[Stored data]

____________________

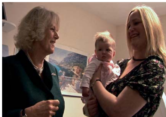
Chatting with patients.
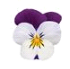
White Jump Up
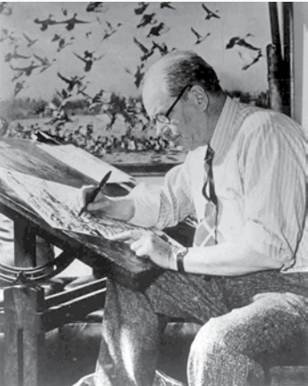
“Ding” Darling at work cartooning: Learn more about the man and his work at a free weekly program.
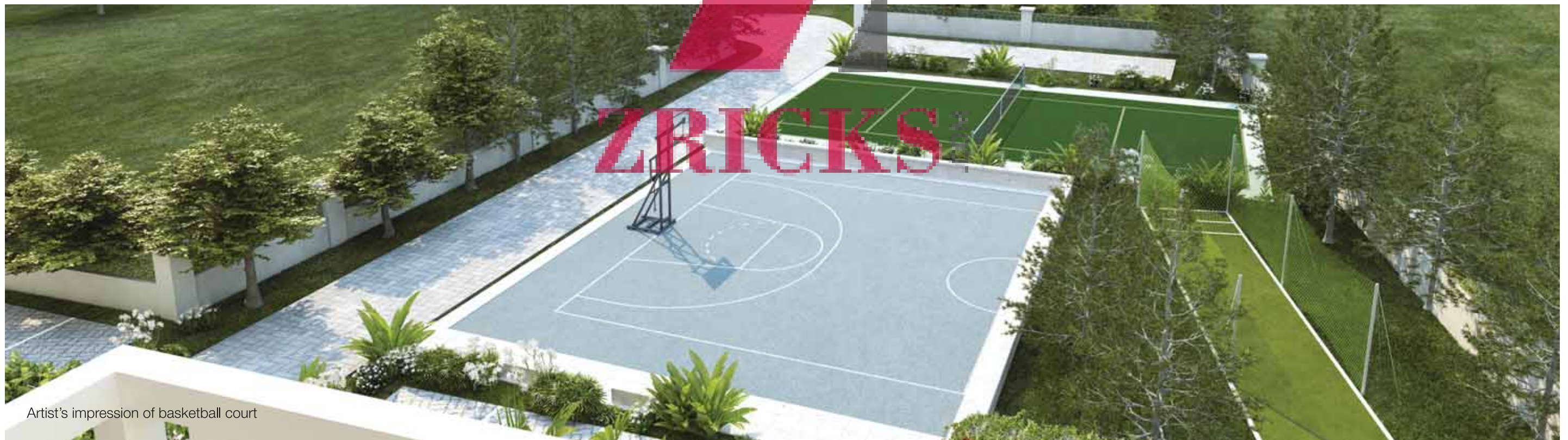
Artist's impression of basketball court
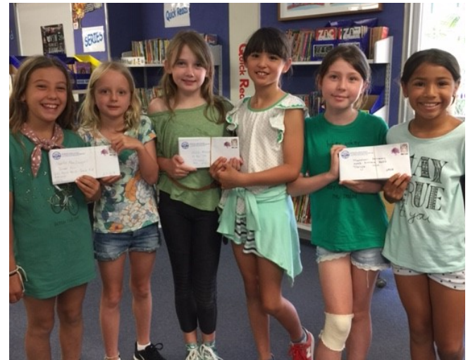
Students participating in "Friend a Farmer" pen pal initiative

____________________

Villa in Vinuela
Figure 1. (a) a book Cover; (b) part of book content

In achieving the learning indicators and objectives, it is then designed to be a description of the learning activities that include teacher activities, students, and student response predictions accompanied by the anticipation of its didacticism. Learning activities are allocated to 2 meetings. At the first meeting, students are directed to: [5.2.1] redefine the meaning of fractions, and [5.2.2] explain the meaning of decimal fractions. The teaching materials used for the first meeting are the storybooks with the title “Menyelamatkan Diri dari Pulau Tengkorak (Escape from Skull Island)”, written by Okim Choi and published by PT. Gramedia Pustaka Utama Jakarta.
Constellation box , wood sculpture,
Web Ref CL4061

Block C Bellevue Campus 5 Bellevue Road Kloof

____________________

- _Work to be completed_
Above are the records. Copy only the lines from the one with "Chatting with patients." through the one with "Students participating in", exactly, with no pictures.

- _Result for this task_
Chatting with patients.
White Jump Up
“Ding” Darling at work cartooning: Learn more about the man and his work at a free weekly program.
Artist's impression of basketball court
Students participating in "Friend a Farmer" pen pal initiative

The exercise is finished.